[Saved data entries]
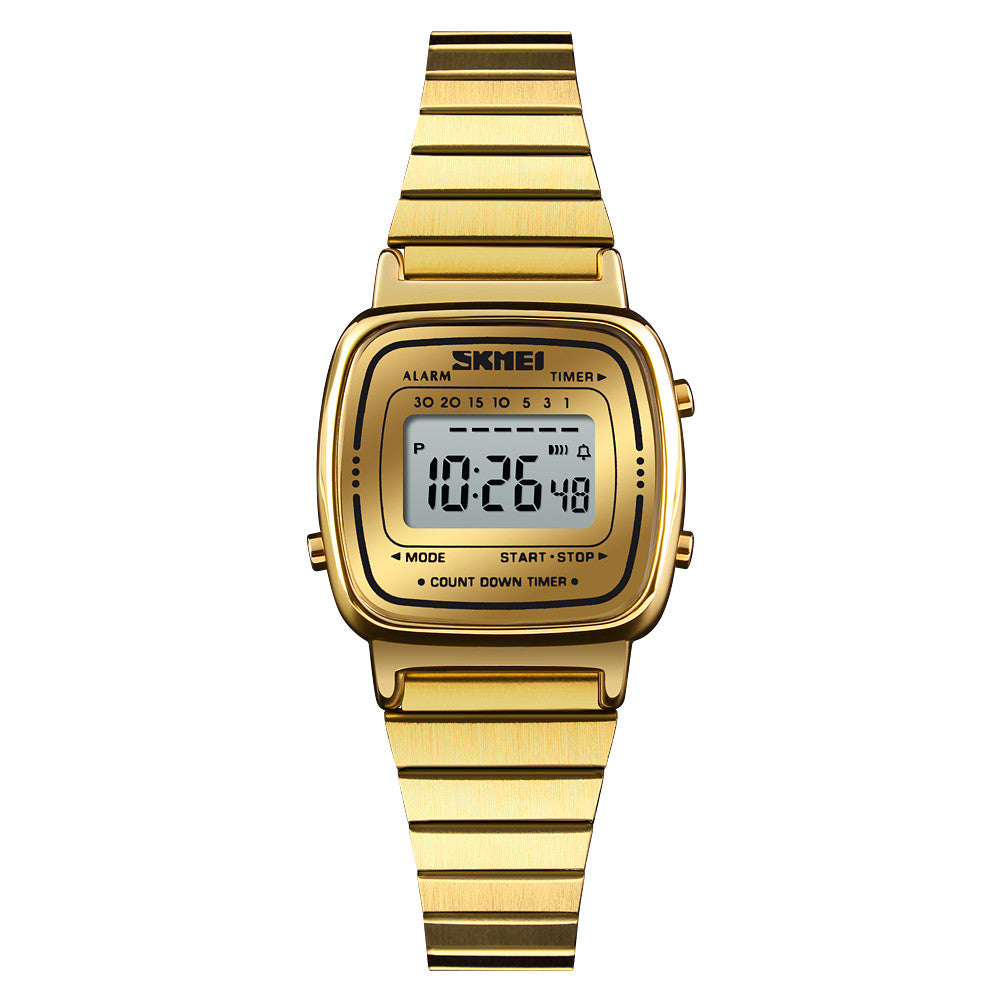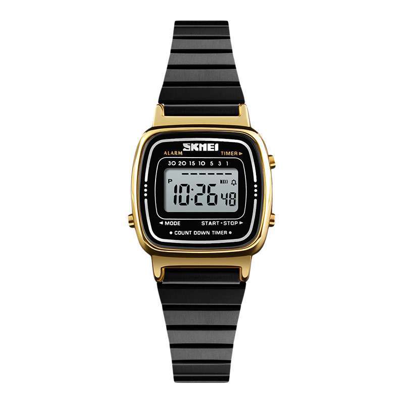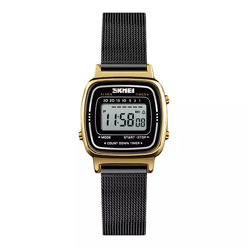 • Funciones: Hora, cronómetro, visualización de la fecha, alarma del temporizador, visualización del día de la semana, timbre horario, formato de 12/24 horas, cuenta atrás.
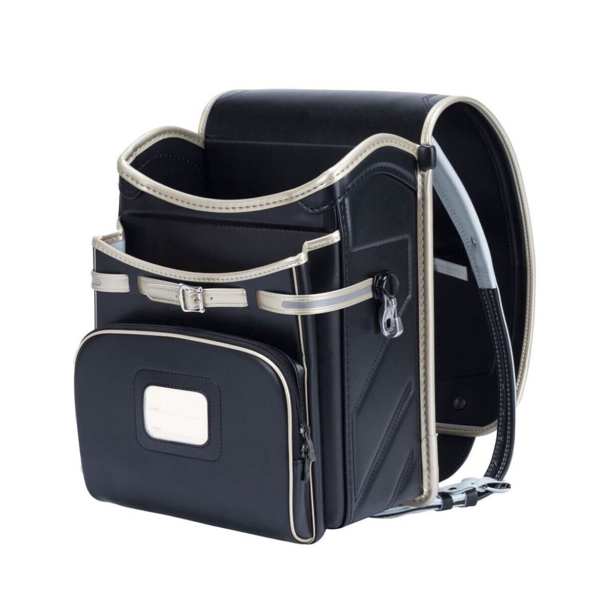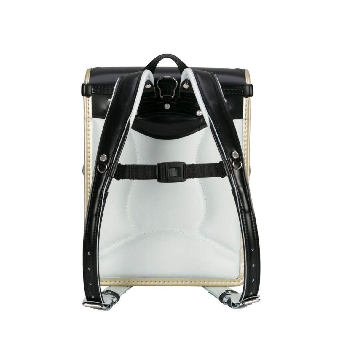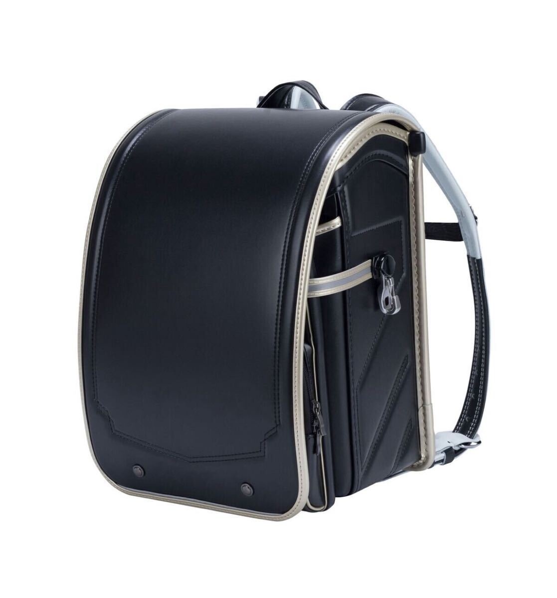 黒とゴールドのコンビネーションで、クッション性のある背面パッドと調整可能なショルダーストラップを備えたシンプルで洗練された飽きのこないデザインのランドセル。
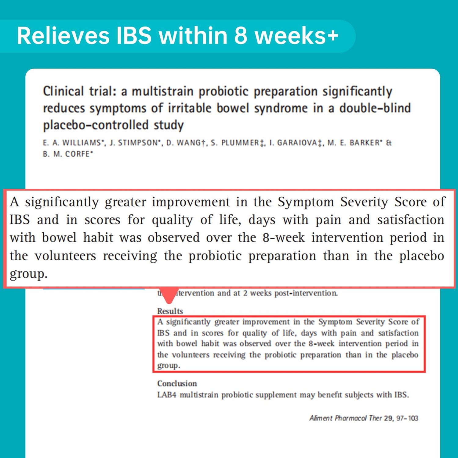 - RELIEF FOR IBS SYMPTOMS: Backed by research from the U.S. National Library of Medicine, Lab4 probiotics - a clinically studied blend - target the root causes of IBS, including diarrhea (IBS-D and traveler's diarrhea), constipation, gas, bloating, and abdominal discomfort. In just 8 weeks, this daily probiotic supplement for women and men helps improve stool consistency, reduce bathroom visits, and restore long-term digestive balance
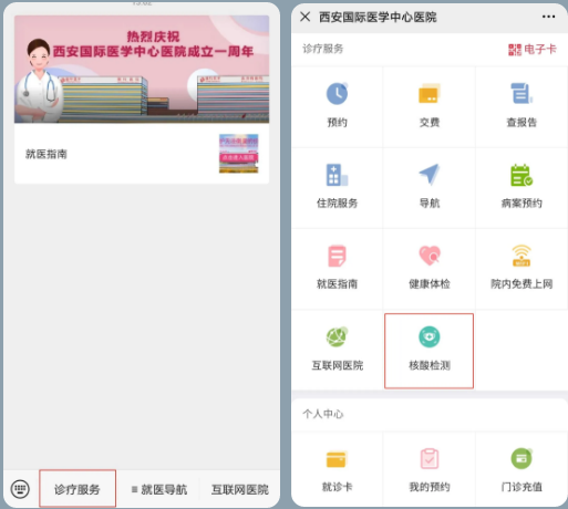有需要住院、陪護的應檢盡檢或愿檢盡檢人群,可關注“西安國際醫(yī)學中心醫(yī)院服務號”后,在【診療服務】——【核酸檢測】功能中自助開單,支付后前往西安國際醫(yī)學中心醫(yī)院急診門口預檢分診點北側核酸檢測室完成采樣檢測。檢測結果可在西安國際醫(yī)學中心醫(yī)院服務號——【診療服務】——【查報告】中查看,也可在“西安市民一碼通”——【核酸結果查詢】中查看。
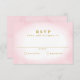 This modern wedding RSVP card features a soft pink watercolor wash on the edges and classic gold type.
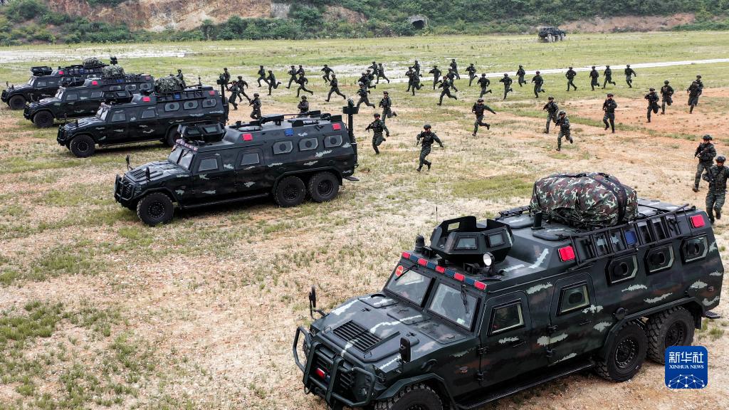 在实战化演练中,武警部队第二机动总队某支队五中队官兵快速登车(2023年9月14日摄)。新华社发(张真荣 摄)
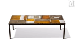 Un guéridon signé Roger Capron associant la céramique émaillée au métal laqué est adjugé 27 000 euros. Conçu en 1954, ce modèle se distingue avec ses lignes épurées et son style emblématique du design d'après-guerre. Ce meuble mesure 37 centimètres de hauteur, 55 centimètres de longueur et 20,5 centimètres de profondeur. Ce guéridon est répertorié dans le catalogue commercial de la Poterie du Font des Horts de 1954.

WHAT YOU HAVE TO DO. Without the images, write out each line of the data verbatim.

EXPECTED ANSWER.
 • Funciones: Hora, cronómetro, visualización de la fecha, alarma del temporizador, visualización del día de la semana, timbre horario, formato de 12/24 horas, cuenta atrás.
 黒とゴールドのコンビネーションで、クッション性のある背面パッドと調整可能なショルダーストラップを備えたシンプルで洗練された飽きのこないデザインのランドセル。
 - RELIEF FOR IBS SYMPTOMS: Backed by research from the U.S. National Library of Medicine, Lab4 probiotics - a clinically studied blend - target the root causes of IBS, including diarrhea (IBS-D and traveler's diarrhea), constipation, gas, bloating, and abdominal discomfort. In just 8 weeks, this daily probiotic supplement for women and men helps improve stool consistency, reduce bathroom visits, and restore long-term digestive balance
有需要住院、陪護的應檢盡檢或愿檢盡檢人群,可關注“西安國際醫(yī)學中心醫(yī)院服務號”后,在【診療服務】——【核酸檢測】功能中自助開單,支付后前往西安國際醫(yī)學中心醫(yī)院急診門口預檢分診點北側核酸檢測室完成采樣檢測。檢測結果可在西安國際醫(yī)學中心醫(yī)院服務號——【診療服務】——【查報告】中查看,也可在“西安市民一碼通”——【核酸結果查詢】中查看。
 This modern wedding RSVP card features a soft pink watercolor wash on the edges and classic gold type.
 在实战化演练中,武警部队第二机动总队某支队五中队官兵快速登车(2023年9月14日摄)。新华社发(张真荣 摄)
 Un guéridon signé Roger Capron associant la céramique émaillée au métal laqué est adjugé 27 000 euros. Conçu en 1954, ce modèle se distingue avec ses lignes épurées et son style emblématique du design d'après-guerre. Ce meuble mesure 37 centimètres de hauteur, 55 centimètres de longueur et 20,5 centimètres de profondeur. Ce guéridon est répertorié dans le catalogue commercial de la Poterie du Font des Horts de 1954.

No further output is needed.